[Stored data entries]
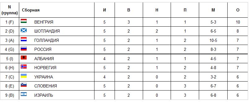 Итак, именно следующим образом на сегодня выглядит сводная таблица сборных, идущих третьими. В ней, уточняю, не учитывается добыча, завоеванная в играх с «шестыми», так как в группе I всего пять команд. Наши здесь – пока внизу, однако имеют поединок в запасе.
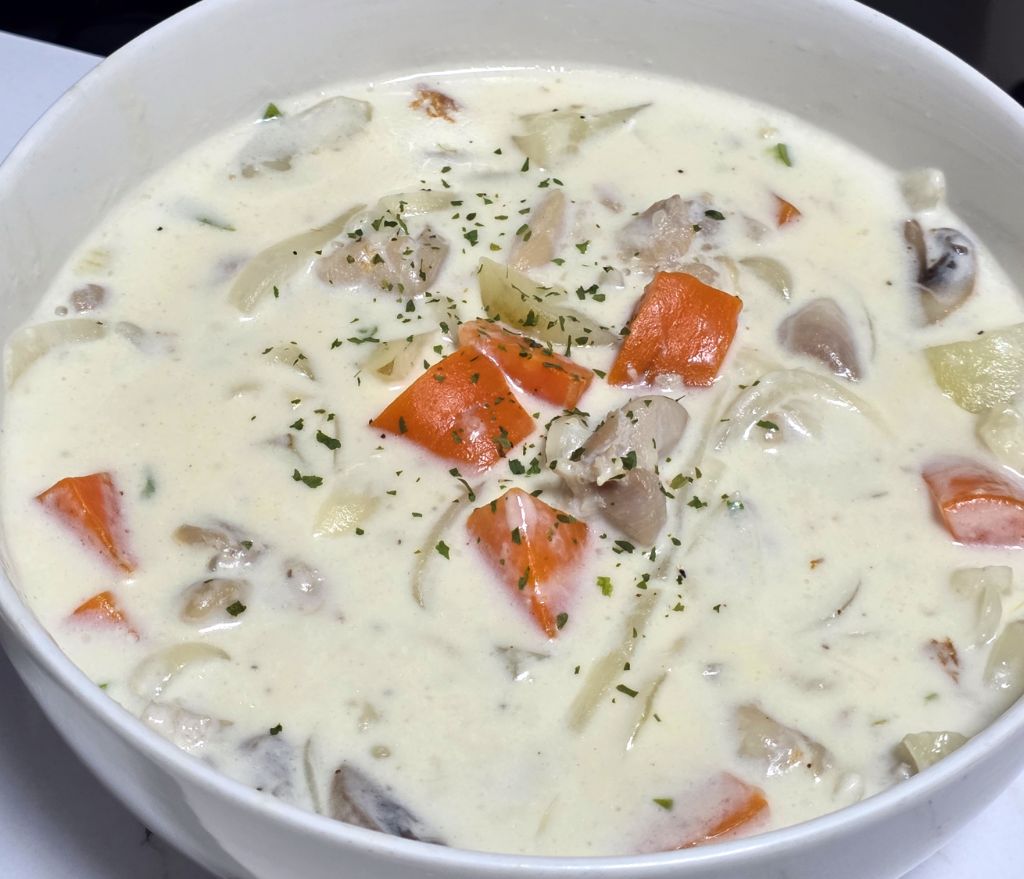 5. !!!!!굽던 팬에!!!!!! 밀가루 4숟가락을 우유에 풀어서 넣고(우유 다 부어버려), 생크림, 월계수잎 1개, 설탕 0.3숟가락, 준비한 모든 야채, 치킨스톡 2숟가락 넣고 긁어주면서 끓이기
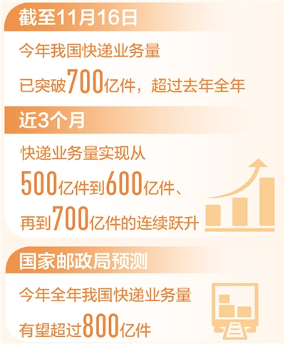 700億件!國家郵政局監測數據顯示:截至11月16日,今年我國快遞業務量已超700億件,超過去年全年。近3個月,快遞業務量實現從500億件到600億件、再到700億件的連續躍升。
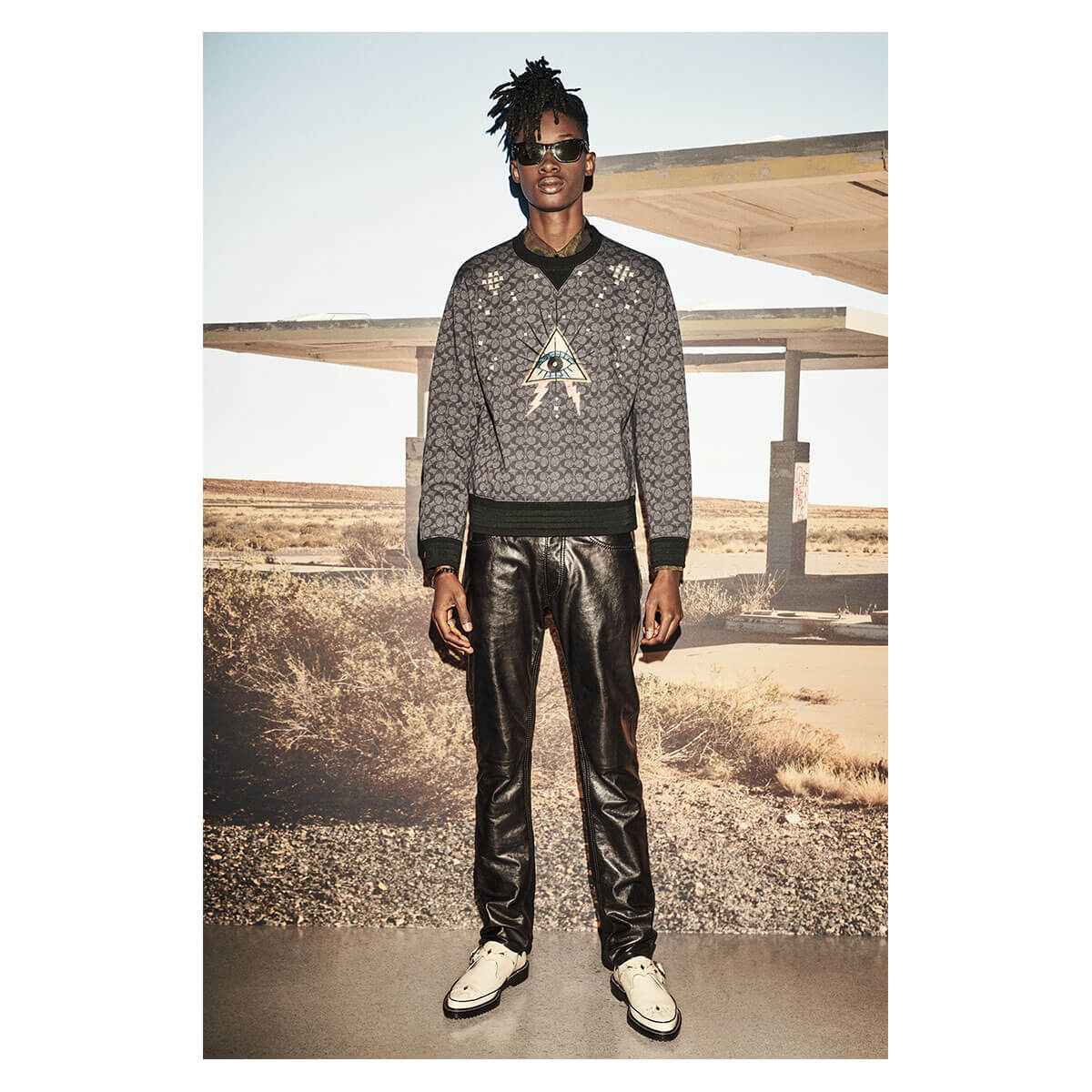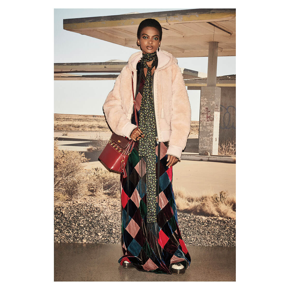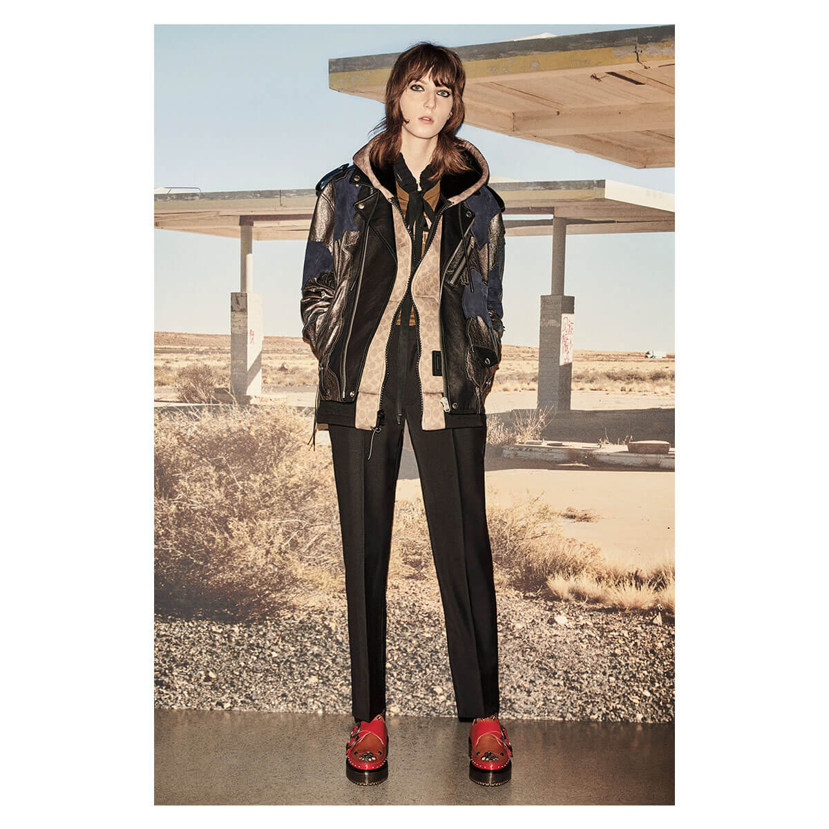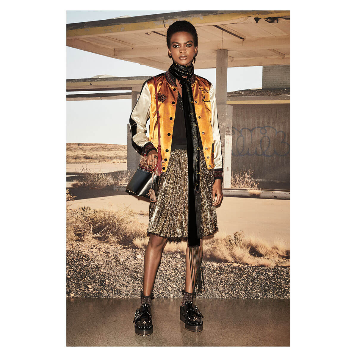 Stuart Vevers’ Coach kids are in the mood for good music and good company, just like Johnny Depp was when he opened The Viper Room on the Sunset Strip in 1993. “I was looking for escape,” Depp said in 2000. Escape he did, the Viper Room became notorious after River Phoenix’s death there and was a place for illicit activity, strippers and great bands. Coach Pre-Spring 2019 is not of the stripping kind (although by all means, take it all of if you want to) but it is feeling all those ‘90s Viper Room vibes, the chosen place of inspiration for Vevers. The collection is layered in all that brown leather Vevers loves, Los Angeles palm trees knitted onto cardigans and patchwork shearling. These are the kind of clothes we would wear to the more PG rated Viper Room. It’s a collection for rockstars, shiny red leather fringing, layered florals under palm tree pyramid studded denim jackets and smart shouldered jackets paired with an ever so slightly flared jean. Long fringed scarves trail down the body amongst loose suiting and Viper Room logo’d t-shirts. Modern merch. For the East Coast-ers going West. The sounds Stuart is envisioning are those of Nick Cave and Marilyn Manson. Goth goes rock god. Turn it all the way up. It’s all happening on the West Coast.
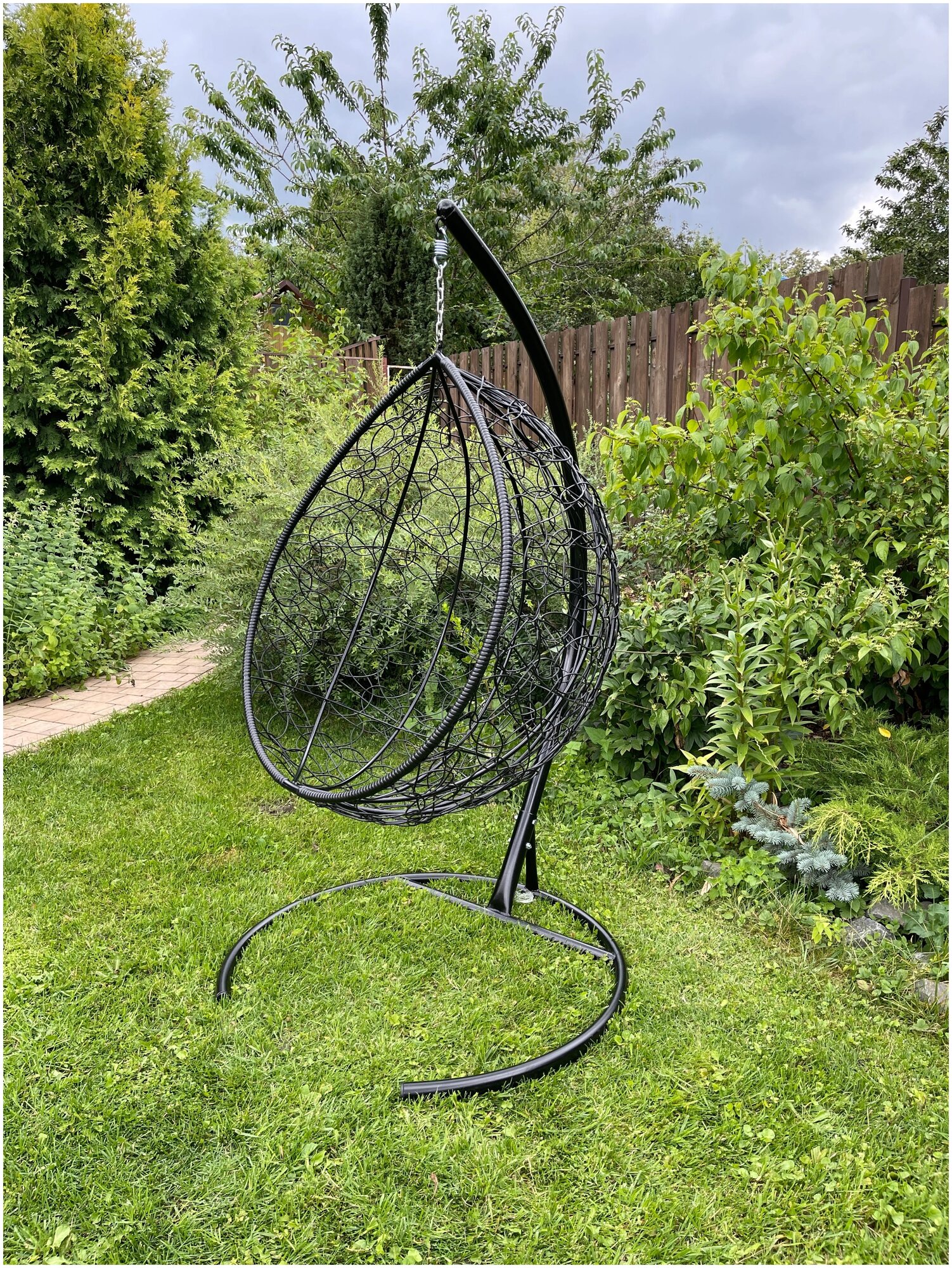 Садовая качель Подвесное кресло-кокон M-GROUP Капля с ротангом, чёрный/красный
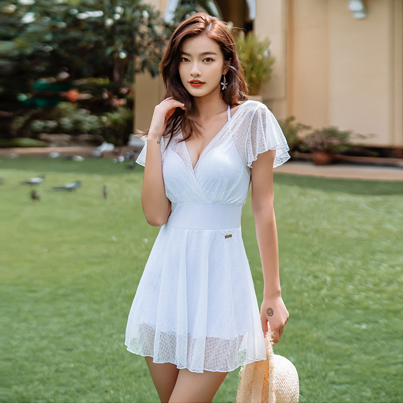 Li Ning swimsuit Female sense one-piece skirt large size belly cover thin beach skirt Conservative ins hot spring one-piece swimsuit
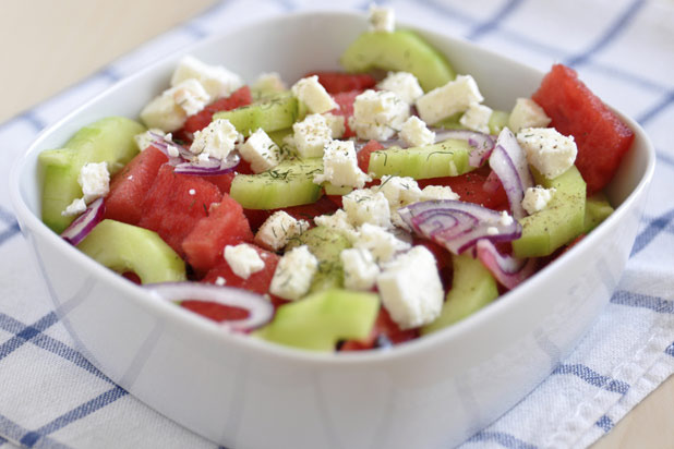 Watermelon and cucumber have high water content, which helps hydrate the skin. They're also both cooling foods, which will help bring your body temperature down.
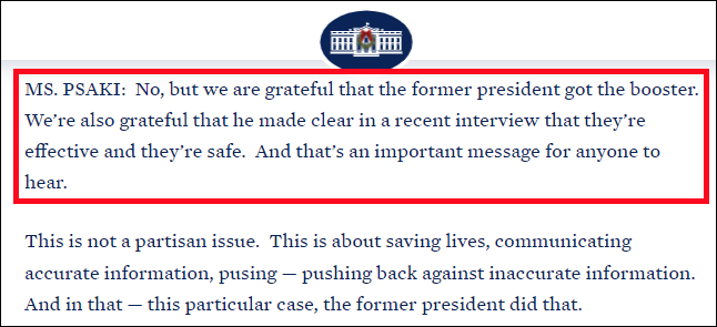 隨後,在當地時間23日的例行記者會上,白宮新聞秘書普薩基也感謝了特朗普的這些言行。普薩基稱:“我們感謝前總統注射了加強針。我們也很感謝他在最近的一次採訪中明確表示,疫苗有效且安全。 這對所有人來説都是一個重要的信息。 ”
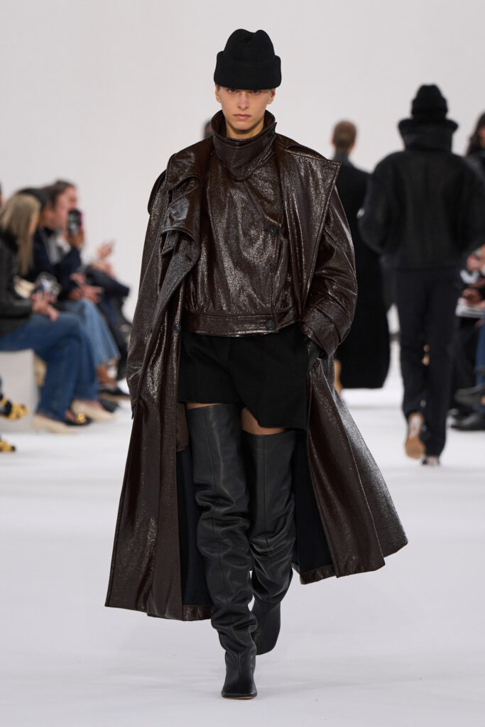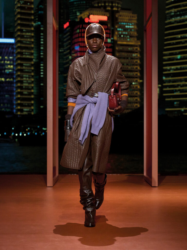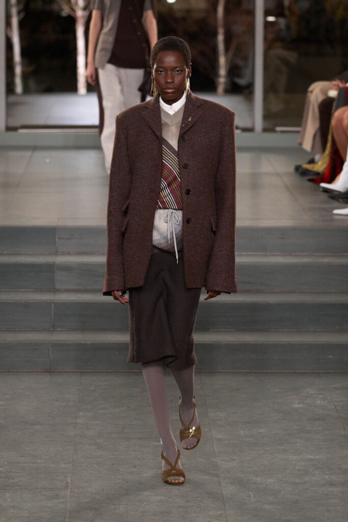 Hermès, fedele al suo savoir-faire, presenta total look in morbida nappa marrone, mixando diverse declinazioni di cioccolato, dal fondente al gianduia, in un raffinato esercizio di layering cromatico.
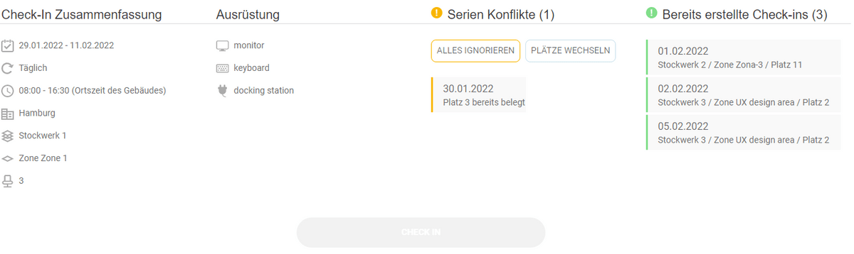 Bei wiederkehrenden Serien-Check-Ins sieht die/der Benutzerin das gewählte Zeitintervall und die Wochentage, an denen sie/er die wiederkehrende Serie erstellen möchte. Wenn nach dem Drücken der Schaltfläche Check-In keine Warnung erscheint, wird auch hier das Erfolgs-Popup angezeigt. Andernfalls wird in der Übersichtsansicht ein neuer Abschnitt angezeigt, genauer gesagt die Plätze, die aufgrund von Belegungsproblemen nicht gebucht werden können. Während dieses Schritts hat die/der Benutzerin die Möglichkeit, diese Plätze zu ändern, indem sie/er auf die Schaltfläche Plätze ändern klickt, oder er/sie kann sie ignorieren, indem er auf die Schaltfläche Alle ignorieren klickt.
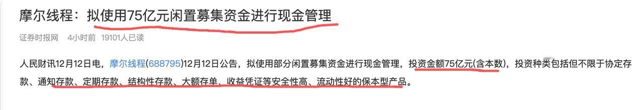 这个事情有点像开玩笑!开始看到这个消息的时候,以为是抹黑,没想到是真实的,一个3年来都亏损的企业,一旦上市了,开始有富余的资金进行理财管理,这样的情况是好事还是坏事? 企业上市募集的资金应该大部分用于研发生产吧?作为一个上市公司,募集的资金拿来做现金管理,估计华为都想笑了,在我国正在进行ai硬件进行攻坚的时期,我们的GPU跟美国差距这么大,上市募集的资金应该用在刀刃上呀,加大研发力度,吸引更多人才参与研发,拿来做现金管理,难以让人理解!
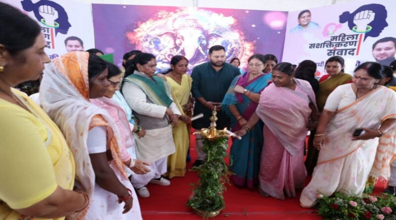 तेजस्वी यादव ने महिला संवाद कार्यक्रम को संबोधित करते हुए कहा कि बिहार में महिलाओं का मान-सम्मान बढ़ाने और उन्हें निर्णय लेने की प्रक्रिया में भी शामिल किया जाएगा। आप लोगों की वजह से घर चलता है, लेकिन आपकी तकलीफें कोई नहीं सुनता है। देश का सबसे गरीब राज्य बिहार है, यहां रोजगार नहीं है.महंगाई इतनी बढ़ गई है कि महिलाएं अपनी पसंद की चीजें खरीद या खा नहीं सकती हैं। दिल पर हाथ रखकर बताइए, महंगाई बढ़ी है या नहीं।
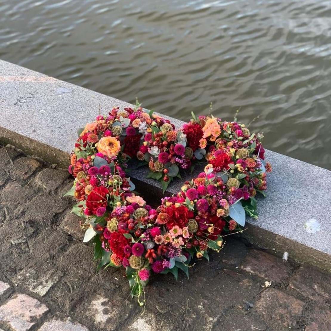 Et flot åbent hjerte i årstidens blomster. En pyntelig og symbolsk afskedsgave, til en du holder kært.

• ACTIVITY: Within the entries above, give again exactly the lines starting at the one that contains "5. !!!!!굽던 팬에!!!!!!" and ending at the one that contains "Hermès, fedele al", leaving out the pictures.

• ANSWER FOR THE TASK:
 5. !!!!!굽던 팬에!!!!!! 밀가루 4숟가락을 우유에 풀어서 넣고(우유 다 부어버려), 생크림, 월계수잎 1개, 설탕 0.3숟가락, 준비한 모든 야채, 치킨스톡 2숟가락 넣고 긁어주면서 끓이기
 700億件!國家郵政局監測數據顯示:截至11月16日,今年我國快遞業務量已超700億件,超過去年全年。近3個月,快遞業務量實現從500億件到600億件、再到700億件的連續躍升。
 Stuart Vevers’ Coach kids are in the mood for good music and good company, just like Johnny Depp was when he opened The Viper Room on the Sunset Strip in 1993. “I was looking for escape,” Depp said in 2000. Escape he did, the Viper Room became notorious after River Phoenix’s death there and was a place for illicit activity, strippers and great bands. Coach Pre-Spring 2019 is not of the stripping kind (although by all means, take it all of if you want to) but it is feeling all those ‘90s Viper Room vibes, the chosen place of inspiration for Vevers. The collection is layered in all that brown leather Vevers loves, Los Angeles palm trees knitted onto cardigans and patchwork shearling. These are the kind of clothes we would wear to the more PG rated Viper Room. It’s a collection for rockstars, shiny red leather fringing, layered florals under palm tree pyramid studded denim jackets and smart shouldered jackets paired with an ever so slightly flared jean. Long fringed scarves trail down the body amongst loose suiting and Viper Room logo’d t-shirts. Modern merch. For the East Coast-ers going West. The sounds Stuart is envisioning are those of Nick Cave and Marilyn Manson. Goth goes rock god. Turn it all the way up. It’s all happening on the West Coast.
 Садовая качель Подвесное кресло-кокон M-GROUP Капля с ротангом, чёрный/красный
 Li Ning swimsuit Female sense one-piece skirt large size belly cover thin beach skirt Conservative ins hot spring one-piece swimsuit
 Watermelon and cucumber have high water content, which helps hydrate the skin. They're also both cooling foods, which will help bring your body temperature down.
 隨後,在當地時間23日的例行記者會上,白宮新聞秘書普薩基也感謝了特朗普的這些言行。普薩基稱:“我們感謝前總統注射了加強針。我們也很感謝他在最近的一次採訪中明確表示,疫苗有效且安全。 這對所有人來説都是一個重要的信息。 ”
 Hermès, fedele al suo savoir-faire, presenta total look in morbida nappa marrone, mixando diverse declinazioni di cioccolato, dal fondente al gianduia, in un raffinato esercizio di layering cromatico.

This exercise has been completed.